What Jean Hartnett, 53, of Omaha, Nebraska, and her eight siblings went through after their 88-year-old mother suffered a stroke while shopping at Walmart in February 2021. Let's think about.
At the time, the older woman was caring for Hartnett's father, who had kidney disease and needed help with daily activities such as showering and going to the bathroom.
In the year following the stroke, both Hartnett's parents, avid independent farmers in Hubbard, Nebraska, suffered setbacks and a medical crisis unfolded. When doctors changed a mother or father's care plan, they had to procure new medications, supplies, and medical equipment, and arrange for new rounds of occupational, physical, and speech therapy.
Neither parent can be left alone if the other parent needs treatment.
“It was not uncommon for me to bring one parent home from a hospital or doctor's appointment, passing an ambulance, or the family picking up the other parent on the freeway.” Ms. Hartnett explained. “It took an incredible amount of adjustment.”
Hartnett moved in with her parents for the last six weeks of her father's life after doctors deemed him too weak to undergo dialysis. He passed away in March 2022. Her mother died a few months later in July.
So what can seniors and family caregivers do to reduce the burden of healthcare?
“First, if you think your treatment plan is not viable, speak up with your doctor and explain why you feel that way,” said Elizabeth Rogers, assistant professor of internal medicine at the University of Minnesota Medical School.

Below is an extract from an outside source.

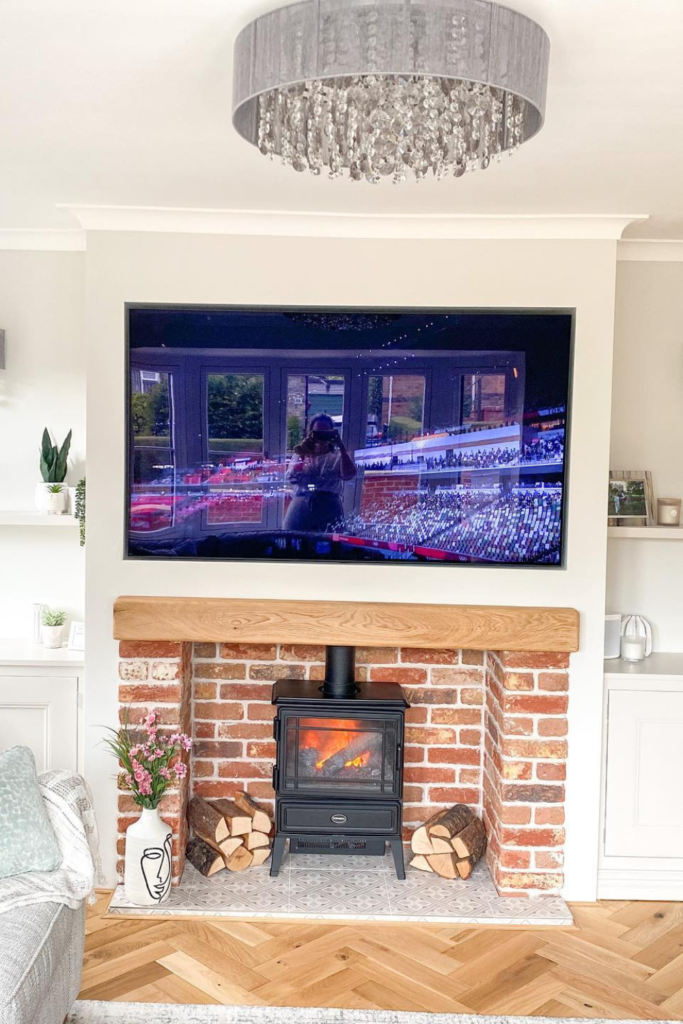 Mount the TV tightly above the fireplace so that it appears as a single vertical feature, and keep the fireplace enclosed.

“Be sure to discuss your health priorities and tradeoffs: what you stand to gain and what you stand to lose by discontinuing certain tests or treatments,” she said. Ask which interventions are most important to maintaining your health and which may become expendable.
If technical requirements can be managed, doctors can adjust treatment plans, discontinue medications that are not significantly effective, and arrange virtual consultations. (There are many elderly people who cannot do that.)
Ask your social worker or patient navigator if they can arrange multiple appointments or tests on the same day to minimize the burden of traveling to and from the medical center. These professionals can also connect you with local resources that may be helpful, such as transportation services. (Most medical centers have this type of staff, but doctors' offices do not.)
If you don't know how to follow your doctor's instructions, ask these questions: “What does this involve on my end?” How long will this take? What resources will I have to do this? Also, things like asthma or diabetes self-management plans? Ask for written materials to help you understand what to expect.
“I ask my clinicians, 'If I choose this treatment, what does that mean, not only for my cancer or my heart disease, but also for the time I spend treating it?'” says Harvard University. Ganguly says. “If they don’t have an answer, ask if they can give you a quote.”